Update: A mandatory evacuation affecting nearly 200,000 people around Lake Oroville in California was downgraded to an evacuation warning Tuesday — with the caution that the condition of the dam that imperils the area could still change quickly.
Butte County Sheriff Kory Honea said told the tens of thousands who were forced to leave their homes were free to return, but he urged them “to remain vigilant and prepared as conditions can rapidly change.”
An evacuation center at the Silver Dollar Fairgrounds will remain open, but all other locations in the county will close, the sheriff’s office said.
Live feed here. Plenty of rumors, stay alert.
“The Oroville Dam’s auxiliary spillway has failed, forcing the evacuations of several counties in California, with between 60,000 and 100,000 people forced to evacuate from Butte, County, Calif., alone. ”
Some official news sources seem to have it wrong. As of 8:25 pm, a relative of mine who was evacuated says the emergency spillway hasn’t really failed completely. It was never expected to be needed, so it was never tested, I was told.
Yuba City, population 65,000, is the biggest city evacuated. The city has the largest dried-fruit processing plant in the world and one of the largest populations of Sikhs outside of India.
Oroville Dam is an earthfill embankment dam on the Feather River east of the city of Oroville, California in the United States. At 770 feet (230 m) high, it is the tallest dam in the U.S. and serves mainly for water supply, hydroelectricity generation and flood control.
Snapshot of traffic problems around 8:25 pm:
The California Department of Water Resources issued a sudden evacuation order shortly before 5 p.m. Sunday for residents near the Oroville Dam in northern California, warning that the dam’s emergency spillway would fail in the next 60 minutes.
The Oroville Dam is the highest in the nation.
An emergency alert issued on Facebook stated:
EMERGENCY EVACUATION ORDER ISSUED: Officials are anticipating a failure of the Auxiliary Spillway at Oroville Dam within the next 60 minutes. Residents of Oroville should evacuate in a northward direction, toward Chico. Other cities should follow the orders of their local law enforcement.
The emergency spillway, which is unpaved, was activated on Saturday morning to relieve the flow down the dam’s normal spillway, where a major hole appeared in recent days and began to widen. The height of the lake, once drained by drought and now swollen by recent rains and snow melt, had reached 901 feet above sea level when the emergency spillway was opened.
The dam impounds the 2nd largest man-made lake in California.
Officials feared a failure of the emergency spillway could cause huge amounts of water to flow into the Feather River, which runs through downtown Oroville, and other waterways. The result could be flooding and levee failures for miles south of the dam, depending on how much water is released.
The videos also showed lines of cars getting out out of downtown Oroville. An evacuation center was set up at the Silver Dollar Fairgrounds in Chico.
Diminished by years of drought conditions, the reservoir had become a symbol of the state’s worsening water crisis. But an unusually wet winter took the lake from nearly full to overflowing in less than a week.

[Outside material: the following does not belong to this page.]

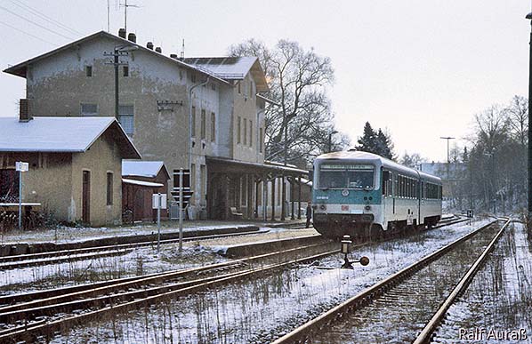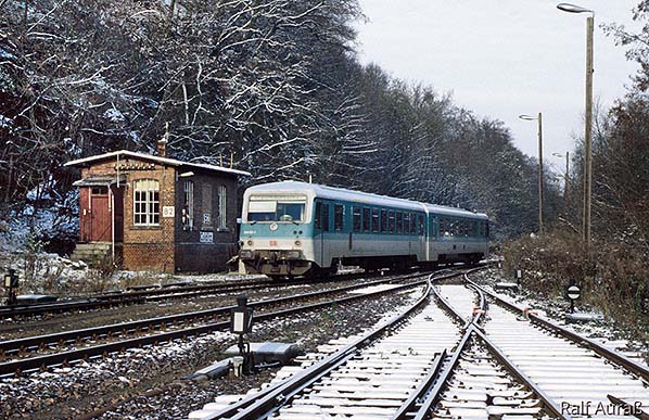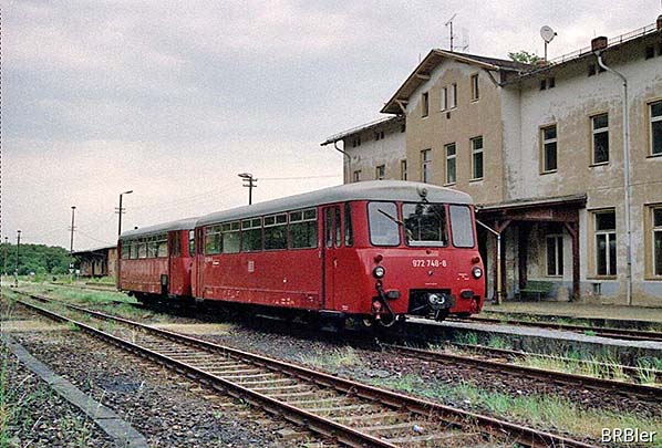 Photo by Frieda Fischer ![]() Unlike in Britain where the British Railways diesel railbuses of the 1950s can only be described as a short-lived embarrassment, Germany made good use if her 4-wheeled railbuses and obtained decades of good service out of them, in part because they could tow trailers and in many cases be coupled in multiple to form trains of up to five vehicles. They were also quite popular with passengers. Seen here at Colditz, this is described by the photographer as the last scheduled service into Colditz in May 2000; a pair of what began life as Deutsche Reichsbahn Class VT 2.09. Developed by VEB Waggonbau Bautzen in 1955 they appeared from 1959 onwards and remained in operation into the 21st century. Control trailers appeared from 1965 and driving controls were fitted at one end only. There was no separate driving compartment originally, drivers being in among the passengers as it were, but in later years some at least were given segregated driving compartments. The concept was very similar to the perhaps more familiar, to people outside Germany, Uerdingen railbuses of the former Deutsche Bundesbahn, being the vehicles which British Railways Waggon und Maschinenbau railbuses E79960 - 4 were based upon. In this view control trailer 972 748 is nearest the camera, the other vehicle being motor car 772 148. The latter car was reputedly the final example to wear the red livery. Deutsche Bahn withdrew the final examples from regular service in 2004 although a number survive for special duties, engineering work etc. and on private railways. Some went to Usedomer Baderbahn, on the island of Usedom, and were still there in 2018 but believed out of use. Usedom is of course the location of the Peenemunde establishment where Hitler's V1 flying bomb and V2 rocket were developed.

At the same time, the nearly mile-long concrete spillway that the dam’s managers rely on to release excess water began to crumble, with erosion worsening as millions of gallons of water poured over it.
It continued to rain. Realizing the lake might rise to a level that would trigger the use of an emergency spillway, state workers began clearing the area of trees and brush that could be sent hurtling downstream.
On Saturday morning, water began washing over the dam’s emergency spillway for the first time since it was completed in 1968. Photographs showed a torrent of water rushing downhill to join the Feather River.
… Officials emphasized that while erosion had carved a massive hole in the main spillway, the dam itself is structurally sound.
… residents of Oroville, a town of 16,000 people, should head north toward Chico and that other cities should follow orders from their local law enforcement agencies.
The emergency spillway partial failure was caused by just too much rain over too short a time, not by… Godzilla!